# So how bout a 23c III?



## ToddLange (Sep 25, 2009)

ok so forget the cadet II. lols. i found a 23c III XL with some a lot of stuff with it on ebay.

the bid right now is $10. lol. and shipping is $65. Im really thinking pretty hard about this. lol. i think it looks like its in pretty good condition and i really really want to get a darkroom goin!

so would this be a good start?


----------



## ann (Sep 25, 2009)

yep, i would think so, shipping is about right . 
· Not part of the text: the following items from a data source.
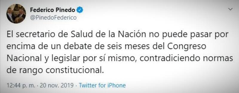 Y añadió: “El secretario de Salud de la Nación no puede pasar por encima de un debate de seis meses del Congreso Nacional y legislar por sí mismo, contradiciendo normas de rango constitucional .
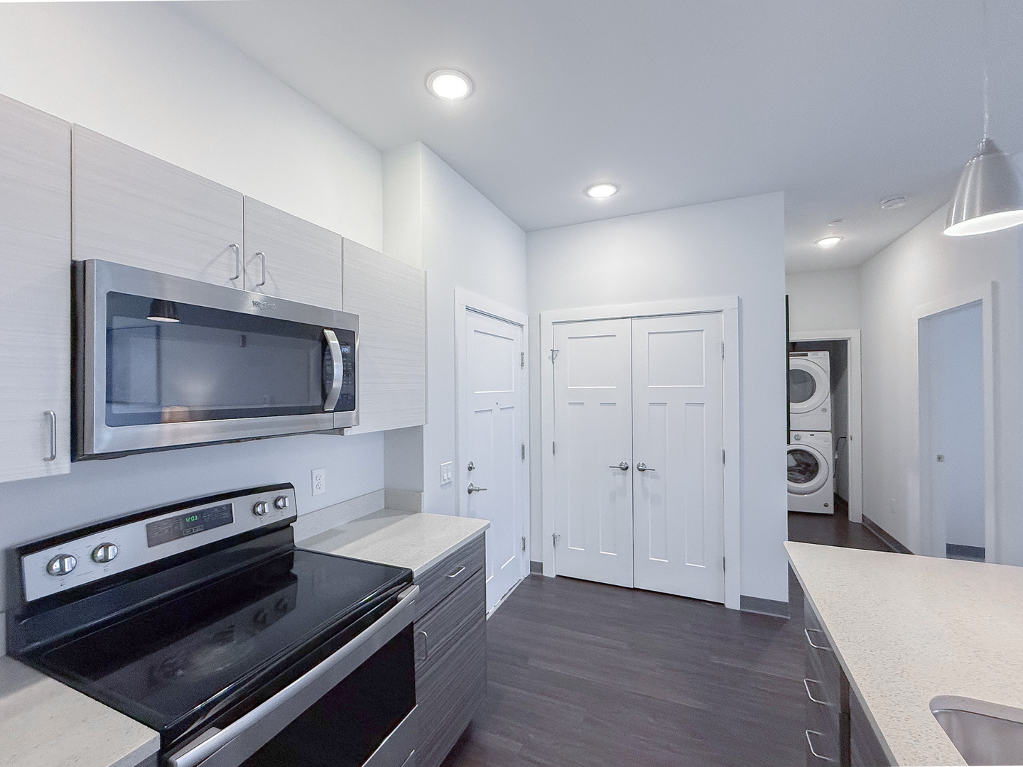 - Full kitchen with stainless steel appliances (stove, fridge, microwave, dishwasher)
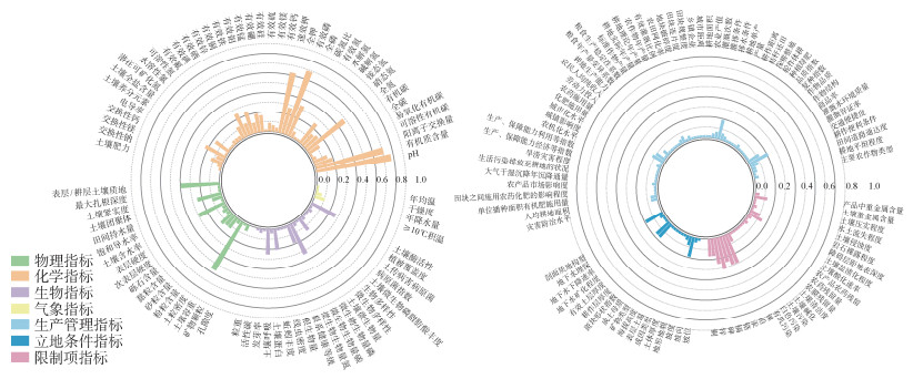 统计结果显示,48篇文献共涉及179个与耕地土壤(包括蔬菜地、园地和植烟地)健康相关的评价指标,包括物理指标17个,化学指标41个,生物指标20个,生产管理指标55个,立地条件指标17个,限制项指标25个和气象指标4个。利用词云图直观体现所有指标类型及参评度(图 2),字体大小代表指标利用率高低。径向条形图展示了7类指标中的具体参数及其使用频率(图 3)。其中,土壤pH、有机质、有效磷、速效钾的使用频率高于60%;土壤全氮、容重使用频率处于40%~60%;使用频率20%~40% 的化学指标有土壤碱解氮、全磷、全钾、电导率、有效锌、有效铁,物理指标有表层/耕层土壤质地、团聚体、含水率,生物指标有土壤呼吸、蚯蚓丰度、微生物生物量碳、微生物生物量氮,土壤重金属有镉、铬、汞、砷、铅;其余指标使用频率均小于20%。

I check on the shipping cost for this enlarger for someone who wanted to buy one we had at school and it was running about 60 dollars from New York to Calif. and that of course comes from a vendor who has a commerical deal with the shipping company, but it gives you a guide line.


----------



## terri (Sep 25, 2009)

I learned enlarging on a Beseler 23c II, and found it easy to use even as a complete beginner. You will be hard pressed to do better. Ann says the shipping price is about right, so whatever you pay for this lot, you can pat yourself on the back for having "stolen" it.  Should service you for years!

It will do both 35mm and medium format - I'm trying to look at the negative carrier shown, it looks like square format in the picture. ? I don't know what you shoot, but even if you will need a 35mm negative carrier, you'll be able to find one for a song that fits the Beseler - another reason to go with this model, lenses, carriers, and other parts will be easy to find. 

Good luck. Have fun!


----------



## ToddLange (Sep 25, 2009)

ya i shoot 35mm only and dat dont look like no 35mm negative carrier. It'll be easy to find one of those.


----------



## Photoboy1980 (Oct 12, 2009)

Good find! I think we used either the 23c II or III models in school. Did you buy it?


----------